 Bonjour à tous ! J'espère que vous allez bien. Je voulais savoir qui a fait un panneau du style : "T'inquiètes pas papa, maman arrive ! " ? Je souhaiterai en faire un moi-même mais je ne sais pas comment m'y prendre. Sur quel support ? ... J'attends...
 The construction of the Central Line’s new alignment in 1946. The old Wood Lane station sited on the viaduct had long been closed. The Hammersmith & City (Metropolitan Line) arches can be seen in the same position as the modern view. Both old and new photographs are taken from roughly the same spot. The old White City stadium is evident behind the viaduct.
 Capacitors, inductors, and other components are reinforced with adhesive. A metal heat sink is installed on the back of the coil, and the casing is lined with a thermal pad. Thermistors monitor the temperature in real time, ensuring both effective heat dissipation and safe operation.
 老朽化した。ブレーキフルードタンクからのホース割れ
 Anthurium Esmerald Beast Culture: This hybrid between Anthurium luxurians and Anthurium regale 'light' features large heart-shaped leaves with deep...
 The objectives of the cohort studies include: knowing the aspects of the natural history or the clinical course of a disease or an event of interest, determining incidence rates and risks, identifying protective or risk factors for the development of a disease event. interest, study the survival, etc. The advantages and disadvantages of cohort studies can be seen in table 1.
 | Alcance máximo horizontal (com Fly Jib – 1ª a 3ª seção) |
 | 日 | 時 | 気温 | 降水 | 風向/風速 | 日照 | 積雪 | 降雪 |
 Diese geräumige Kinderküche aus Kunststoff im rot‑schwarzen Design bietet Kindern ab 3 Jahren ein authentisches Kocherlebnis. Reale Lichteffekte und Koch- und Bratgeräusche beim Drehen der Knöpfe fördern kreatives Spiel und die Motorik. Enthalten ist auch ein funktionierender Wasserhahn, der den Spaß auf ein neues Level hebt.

* * *

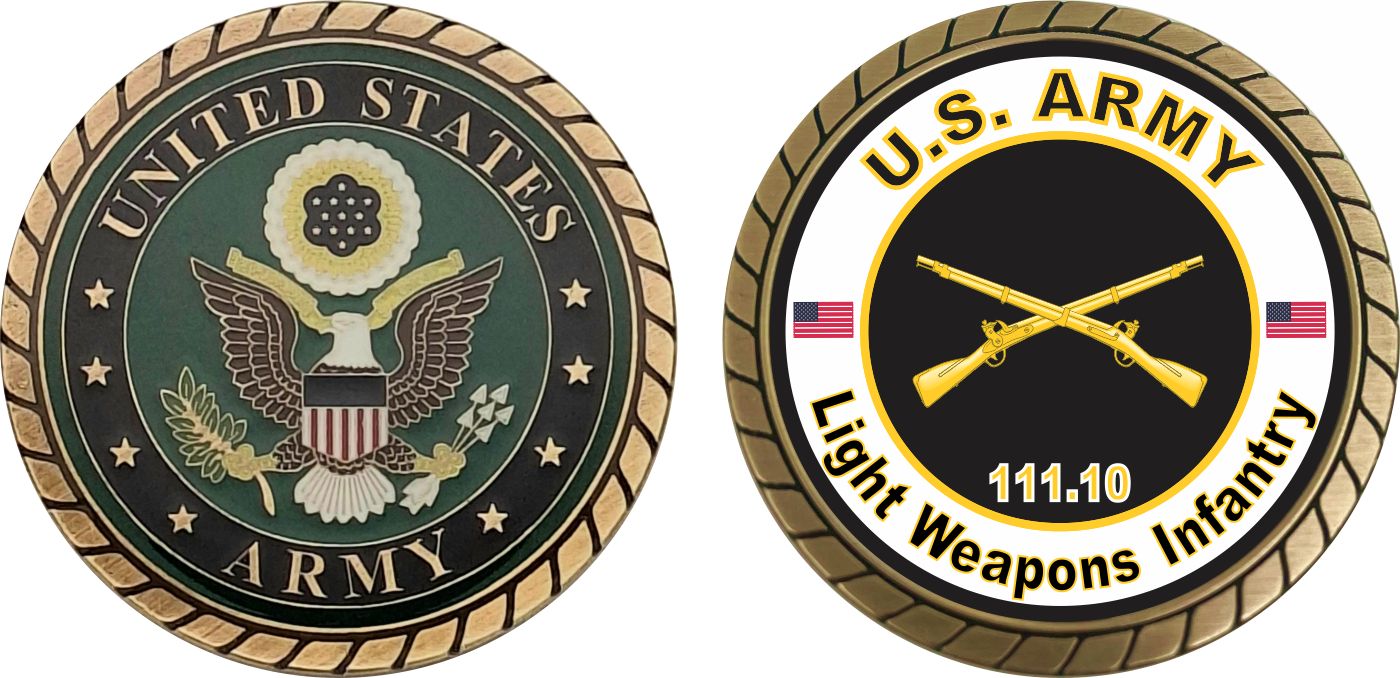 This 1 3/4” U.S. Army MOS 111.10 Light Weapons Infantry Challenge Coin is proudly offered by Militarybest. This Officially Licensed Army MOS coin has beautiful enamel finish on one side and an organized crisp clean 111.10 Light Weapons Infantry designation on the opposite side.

---

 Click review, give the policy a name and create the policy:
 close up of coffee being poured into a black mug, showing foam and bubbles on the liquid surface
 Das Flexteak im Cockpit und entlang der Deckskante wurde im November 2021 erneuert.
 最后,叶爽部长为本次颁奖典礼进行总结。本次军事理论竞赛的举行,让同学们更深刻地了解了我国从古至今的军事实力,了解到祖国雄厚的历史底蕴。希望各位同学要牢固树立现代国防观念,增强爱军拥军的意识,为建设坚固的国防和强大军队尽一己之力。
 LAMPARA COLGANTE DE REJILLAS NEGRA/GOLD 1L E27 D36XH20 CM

## Prompt
Please return the lines above that run from the line containing "日照 | 積雪 | 降雪 |" to the line containing "Diese geräumige Kinderküche", inclusive, exactly and with no other lines.

## Result for this exercise
 | 日 | 時 | 気温 | 降水 | 風向/風速 | 日照 | 積雪 | 降雪 |
 Diese geräumige Kinderküche aus Kunststoff im rot‑schwarzen Design bietet Kindern ab 3 Jahren ein authentisches Kocherlebnis. Reale Lichteffekte und Koch- und Bratgeräusche beim Drehen der Knöpfe fördern kreatives Spiel und die Motorik. Enthalten ist auch ein funktionierender Wasserhahn, der den Spaß auf ein neues Level hebt.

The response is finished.